Congress voted 236-191 along party lines for a bill that would effectively stop President Obama’s efforts to shield millions of undocumented immigrants from deportation. For good measure, the Republicans added an amendment to end the Deferred Action for Childhood Arrivals program, which has stopped some 600,000 young undocumented immigrants, the so called “DREAMers,” from being deported and allowed them to work legally.
Luckily the bill is unlikely to pass the Senate, and even if it did, the President would almost certainly veto it. But the Republican message to undocumented immigrants is loud and clear: we don’t want you here and we’ll try to deport you if we get a chance.
Imagine the dilemma for the undocumented parents of children who were born here and are thus American citizens.

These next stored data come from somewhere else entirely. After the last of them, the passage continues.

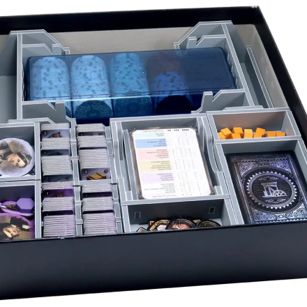 Дозволить зберігати всі компоненти в повному порядку і позбавить від непотрібної витрати часу по розбору і сортуванню ігрових елементів. Призначений для стандартної версії гри Retail із зовнішніми розмірами коробки 30.0 x 30.0 x 5.5 см і для версії гри Deluxe з розмірами 30.0 x 30.0 x 7.5 см.
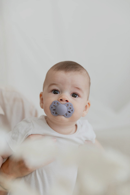 Дизайн пустышки Infinity вдохновлен красивой и непредсказуемой скандинавской природой. Симметричный плоский сосок каплевидной формы способствует правильному положению языка во время сосания и развитию челюстно-лицевых мышц малыша.
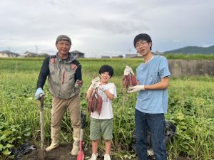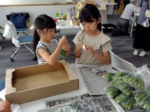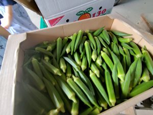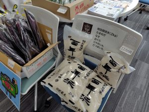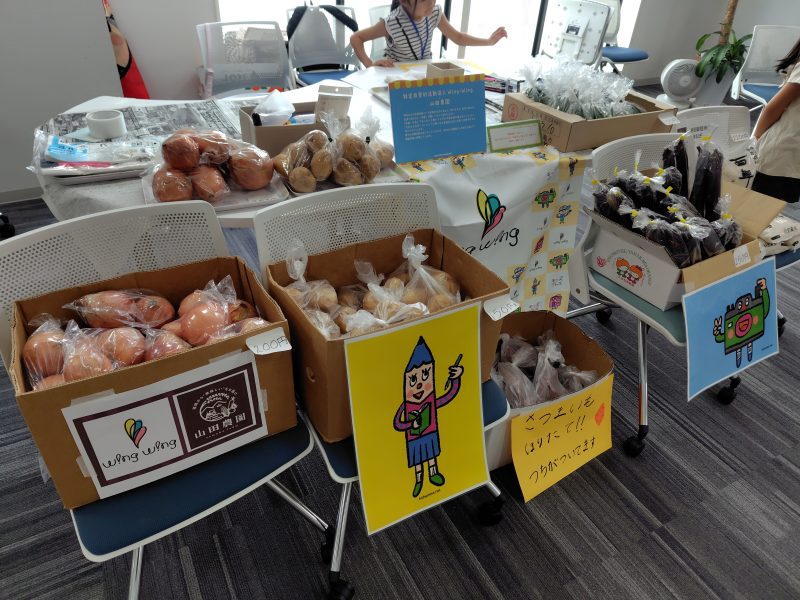 福岡市西区の山田農園さんにご協力いただき、たまねぎ、長なす、オクラなどの野菜、お米に加え、Wing-Wingが畑で育てているサツマイモを販売。
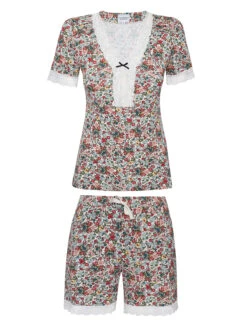 Der Vive Maria Pyjama besteht aus einem Ober- und Unterteil und ist aus einem angenehmen Viskosematerial mit Elasthananteil. Ein Blumenprint ziert cremefarbenen Stoff. – figurbetontes Oberteil mit kurzen Armen und transparenten SpitzenabschlĂĽssen – V-Ausschnitt mit transparenter Spitze, Satinschleife und Zierknöpfen – abgesteppte Biesen im vorderen Schulterbereich Länge in Gr. S ca. 59 cm – kurze Pyjamapants mit transparenten SptzenabschlĂĽssen – breiter Gummibund mit zusätzlichem Bindeband zur Weitenregulierung – seitliche Eingrifftaschen Innenbeinlänge in Gr. S ca. 13 cm

Do they stay in the shadows? What would happen to their children? Who do they believe?
There’s an implied racial dimension. Most of the undocumented immigrants are Hispanic, and nobody in the Republican party is clamoring to secure the border with Canada.

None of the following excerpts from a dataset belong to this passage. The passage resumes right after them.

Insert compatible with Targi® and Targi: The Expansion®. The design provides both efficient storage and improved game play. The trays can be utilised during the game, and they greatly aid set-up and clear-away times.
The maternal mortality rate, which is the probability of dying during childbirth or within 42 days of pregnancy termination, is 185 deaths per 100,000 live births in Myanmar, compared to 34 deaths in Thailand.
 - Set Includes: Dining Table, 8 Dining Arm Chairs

“President Obama is turning every state into a border state and every town into a border town,” said Rep. Marsha Blackburn, the Congresswoman from Tennessee who leads the effort to end the DREAMers program.
Blackburn represents a rural district in northwestern Tennessee. Not too far away, the cities of Dayton and Cincinnati in Ohio are actively recruiting immigrants — albeit legal ones — because of their track record in starting news businesses. Mayor John Cranley wants to make Cincinnati “the most immigrant-friendly city in the country.”
The Wall Street Journal reported Wednesday that immigrants are more likely to be in the workforce and to be business owners than native-born Americans.
Those against immigration stress the legality: undocumented immigrants broke the law in entering the United States. But they did this because they wanted so much to become Americans. Why not tap these immigrants’ entrepreneurial drive by giving them a path to citizenship? Instead, the message is to stay hidden.
Wednesday’s vote played to the most conservative segments of the Republican base, the Tea Party in particular. But with Hispanics the fastest growing part of the U.S. population, the message on immigration cannot help Republicans recruit new voters in 2016 and beyond.
Hopefully for the Republican Party, Hispanic voters will have short memories. And hopefully for America, Congress will move beyond just saying “no” to addressing the long-festering immigration mess.
Chris Jennewein is editor and publisher of Times of San Diego.